Josipovici quotes this and adds that in the second volume of his Collected letters. Josipovici likes to mention Beckett from time to time, which I like. But Kafka, as so often in his letters, did not tell us the whole story. Of course he wrote in Zürau – he was Kafka, for heaven’s sake – and he produced what Brod eventually collected under the title The Zürau Aphorismsor, less bitingly, Reflections on sin, hope, suffering and the true way.

The 181 pages of Josipovici’s monograph, if you can call it that, are difficult to summarize, but they are a mixture of biography, literary criticism and psychological insight, and are among the best I have read on Kafka. As his earlier volumes of literary criticism and essays attest, Josipovici is surprisingly readable; his prose simply takes you by the hand. At one point he quotes Kafka complaining about mice, but also about the cat who is supposed to look after them and who keeps soiling his room (“How hard it is to come to an understanding with an animal on this matter.”) As Josipovici says, “It is a transition from paranoia to PG Wodehouse to paranoia and back to Wodehouse in a few sentences and with remarkable ease.” Josipovici likes to mention Wodehouse from time to time, and I like that too.

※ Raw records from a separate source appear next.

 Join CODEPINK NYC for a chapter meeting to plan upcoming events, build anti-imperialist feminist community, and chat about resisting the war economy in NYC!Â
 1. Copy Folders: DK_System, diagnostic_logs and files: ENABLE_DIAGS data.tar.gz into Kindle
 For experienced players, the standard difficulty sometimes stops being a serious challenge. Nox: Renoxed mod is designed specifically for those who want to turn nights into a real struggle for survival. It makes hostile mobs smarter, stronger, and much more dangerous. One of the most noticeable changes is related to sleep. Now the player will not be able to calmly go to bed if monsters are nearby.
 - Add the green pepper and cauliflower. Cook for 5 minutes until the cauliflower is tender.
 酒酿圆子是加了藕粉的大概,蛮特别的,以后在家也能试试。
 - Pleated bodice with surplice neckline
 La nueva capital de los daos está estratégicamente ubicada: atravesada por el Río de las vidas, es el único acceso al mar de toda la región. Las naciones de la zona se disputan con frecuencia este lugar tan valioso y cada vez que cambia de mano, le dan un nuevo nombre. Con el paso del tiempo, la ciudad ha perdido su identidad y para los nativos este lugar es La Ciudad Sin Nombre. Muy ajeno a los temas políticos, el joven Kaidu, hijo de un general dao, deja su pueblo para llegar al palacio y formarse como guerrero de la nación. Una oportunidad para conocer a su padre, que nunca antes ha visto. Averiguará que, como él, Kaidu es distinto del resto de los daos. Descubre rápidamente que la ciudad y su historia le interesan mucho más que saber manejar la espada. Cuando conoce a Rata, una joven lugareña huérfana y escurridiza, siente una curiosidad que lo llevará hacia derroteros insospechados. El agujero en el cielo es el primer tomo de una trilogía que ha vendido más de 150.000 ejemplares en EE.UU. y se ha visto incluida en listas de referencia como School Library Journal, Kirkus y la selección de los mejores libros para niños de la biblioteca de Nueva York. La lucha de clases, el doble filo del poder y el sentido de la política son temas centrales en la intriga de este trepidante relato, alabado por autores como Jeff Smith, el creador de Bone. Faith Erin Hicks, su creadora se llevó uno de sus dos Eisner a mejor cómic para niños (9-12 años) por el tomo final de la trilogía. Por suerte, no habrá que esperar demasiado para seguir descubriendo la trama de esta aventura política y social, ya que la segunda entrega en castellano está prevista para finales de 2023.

Now turn the book over, like a record. (Josipovici used a similar two-in-one trick with Mobius the Stripper in 1972). A winter in ZürauThe blurb on the inside begins: “Fiction and non-fiction are two sides of the same coin. Or are they not? Kafka is on the run.” partitaThe blurb begins with the same two sentences and then continues: “Michael Penderecki is on the run.” Other than that, there is little that connects the two books, and I’ve already spent too much time trying to make a connection. No matter: this is fiction, and Josipovici has his own way of writing it, and it is, like his nonfiction, astonishingly readable considering he considers himself a modernist in the great tradition. He once said of his fiction: “Suddenly it occurred to me. It wasn’t that I didn’t like the forms of description I was using; I didn’t like any form of description. Moreover, I suddenly realized that I didn’t need them.”

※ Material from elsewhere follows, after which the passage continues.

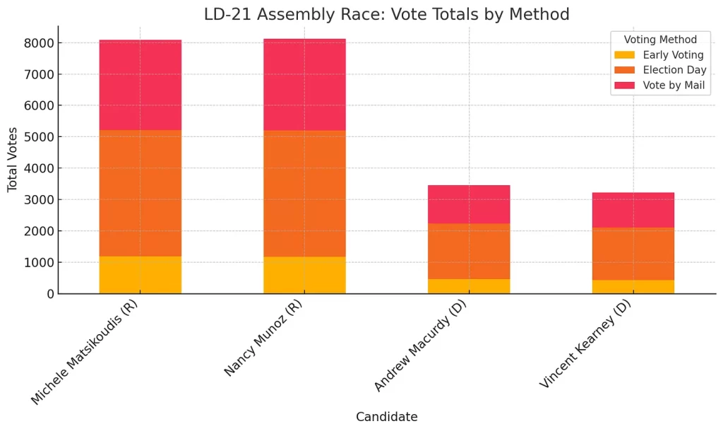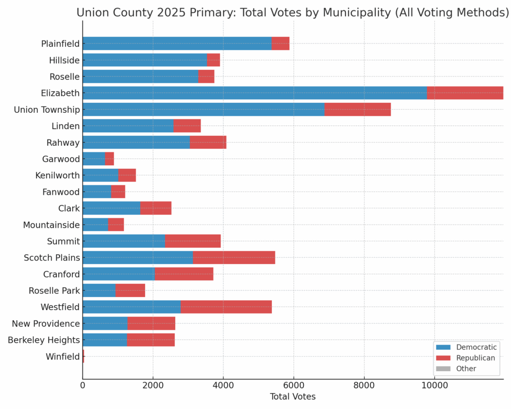 In some towns, Republicans made up more than 60% of the total ballots cast. That edge carried down the ballot, with Munoz and Matsikoudis receiving some of the highest raw vote totals in their respective races. Their support wasn’t just deep—it was geographically widespread. Every LD-21 municipality in Union County leaned their way, often by wide margins.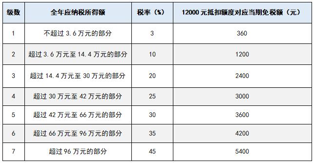 根据新政策测算,12000元的税前扣除额度对应当期免税额大约介于360元至5400元之间,具体如下表所示:

So we have a novella told largely in dialogue, but so cleverly that you never have trouble figuring out who is speaking. It begins with a man named Karim paying a visit to Penderecki, who has been sleeping with his wife. He shows him a switchblade and tells Penderecki that if he is still there the next day, he will kill him. Penderecki takes the hint and sets off on a journey that takes him from London to Paris, to Nice, to Domaso, to Sils Maria, to Zurich and back to London. (I may have missed one or two places, it flies by.)

At the beginning he flees for his life with only a suitcase; but in Nice he meets Charlie, a nightclub singer with whom he has a heartbreaking affair. She reminds us of the kind of heroine you would find in New Wave Movies – flighty, enigmatic, immensely desirable and annoying as hell. (She makes him cycle from Nice to Monaco, for heaven’s sake.) In fact, the whole novella could just as well be the screenplay for a New Wave Film, and I say that in a completely laudatory sense. In a review of Josipovici’s 2010 novel Just kiddingI wrote: “Whether this is a serious work of art or simply a Game of the mind is something I haven’t formed an opinion on after a week.’ I could say the same thing here. But in the end, who cares? It’s great fun and very entertaining.